((

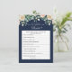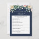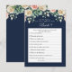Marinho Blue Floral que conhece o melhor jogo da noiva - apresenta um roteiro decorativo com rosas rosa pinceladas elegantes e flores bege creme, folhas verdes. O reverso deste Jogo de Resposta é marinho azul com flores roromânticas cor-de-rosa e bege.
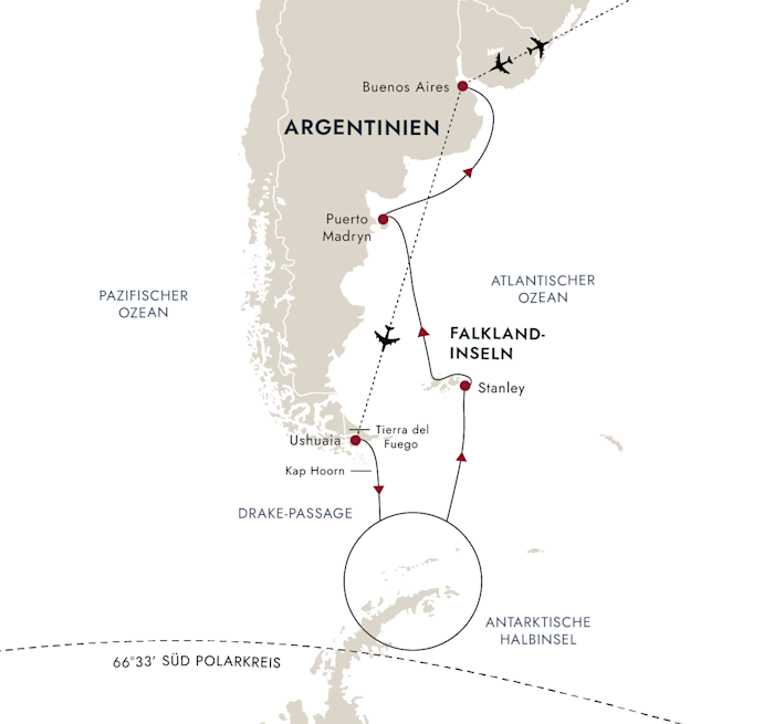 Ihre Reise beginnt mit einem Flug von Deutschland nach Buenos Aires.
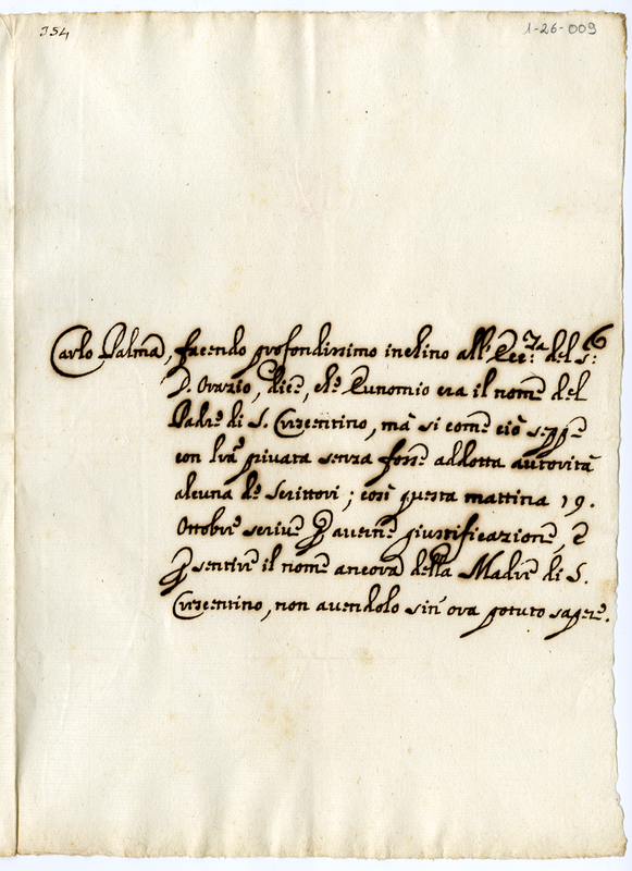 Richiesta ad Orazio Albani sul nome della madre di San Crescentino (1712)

))
((

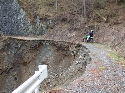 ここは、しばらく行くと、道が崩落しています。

))

• **Work instructions**: Skipping every picture, transcribe exactly the lines above from the one containing "Marinho Blue Floral" through the one containing "Richiesta ad Orazio", both included.

• **Response box**:
Marinho Blue Floral que conhece o melhor jogo da noiva - apresenta um roteiro decorativo com rosas rosa pinceladas elegantes e flores bege creme, folhas verdes. O reverso deste Jogo de Resposta é marinho azul com flores roromânticas cor-de-rosa e bege.
 Ihre Reise beginnt mit einem Flug von Deutschland nach Buenos Aires.
 Richiesta ad Orazio Albani sul nome della madre di San Crescentino (1712)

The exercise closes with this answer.